A detailed explanation of these non-GAAP measurements can be found in our Form 8-K filed May 5 with the SEC. These non-GAAP measurements are not intended to replace the presentation of financial results in accordance with GAAP. Rather, we believe these non-GAAP measurements provide additional information for investors to facilitate the comparison of past and present performance.
For today's call, Rod will provide an overview of our performance for the first quarter then Jeff will discuss our results in more detail. After their prepared remarks, they will take your questions.
With that, let me turn the call over to Rod Hershberger. Rod?
Thanks Brad. Good morning, everyone. 2010 began with a brighter outlook than the past two years. Housing appears to be recovering, and for the first time in four years total starts in our core market were up 39% in the first quarter compared to last year. For the same comparable period, single-family starts were up 55%. Single-family starts also increased 30% when compared to the fourth quarter of 2009.
We welcome this increase in starts; however, we believe they were inflated somewhat by the tax incentives which motivated homebuyers to purchase new homes, particularly first-time homebuyers. Though these buyers typically buy at the lower end of the construction market, we are encouraged by the increased activity and anticipate a carryover into the broader new construction market.
Other positive signs suggesting the beginning of a recovery include a 24% increase in existing home sales compared to the prior-year quarter in our primary market of Florida and a decrease in inventory levels compared to the prior year in certain primary market cities, including 28% in Miami and 12% in Tampa.
Home prices had the first year-over-year increase since December 2006. However, housing start levels are still much lower than what we would expect in a normal cycle, and many negative conditions still remain, such as pending foreclosures, high unemployment which is still around 10% nationally and over 12% in Florida. As a result, we continue to operate in a market whose return to normalcy is still quite unpredictable.
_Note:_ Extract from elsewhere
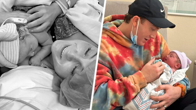 «1 июля, в седьмую годовщину нашего первого свидания, мы приветствовали Барри Брюса Трейнора. Он родился большим мальчиком — целых 8 фунтов и 7 унций», — рассказала исполнительница в социальных сетях, сопроводив пост фотографиями с новорожденным.
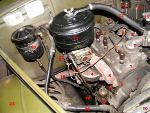 Четырёхцилиндровый двигатель ГАЗ-69, правая сторона 1 — головка блока цилиндров 2 — блок цилиндров 3 — карбюратор 4 — впускной коллектор 5 — выпускной коллектор 6 — помпа (центробежный насос) 7 — крышка термостата 8 — прерыватель-распределитель зажигания 9 — вакуумный регулятор опережения зажигания 10 — радиатор 11 — маслозаливная горловина 12 — шланг вентиляции картера 13 — катушка зажигания 14 — фильтр радиопомех 15 — инерционно-масляный воздухоочиститель 16 — масляный насос 17 — крышка клапанов 18 — масляный фильтр тонкой очистки 19 — выхлопная труба 20 — трубопровод к отопителю салона 21 — бензонасос с фильтром 22 — привод заслонок карбюратора 23 — правое переднее крыло |

Sales in the first quarter decreased only 2% when compared to the first quarter of 2009. This is a combination of the decline in sales into the new construction market of 26%, mostly offset by an increase in sales into our R&R market of 11%.
As a percentage of total sales for the first quarter of 2010, R&R sales accounted for 77% and new construction sales accounted for 23% of sales. This compares to the first quarter of 2009 when R&R sales accounted for 69% and new construction represented 31%. The increase in R&R sales is due mainly to the success of our non-impact vinyl replacement product, SpectraGuard launched in 2009.
Sales of those products, which represented the main driver of our growth, increased $1.9 million year over year as we increased our distribution network in targeted states outside Florida. This resulted in an increase in our other state sales of $7.8 million in the first quarter, up 32% from a year ago and represents 19% of our sales for the quarter.
In previous calls, I mentioned some new products we recently launched. At this time, I'd like to update you on those products. Sales of our new sliding glass door launched last October were $2.8 million, up from $1.3 million in the fourth quarter of 2009, and continue to exceed our expectation.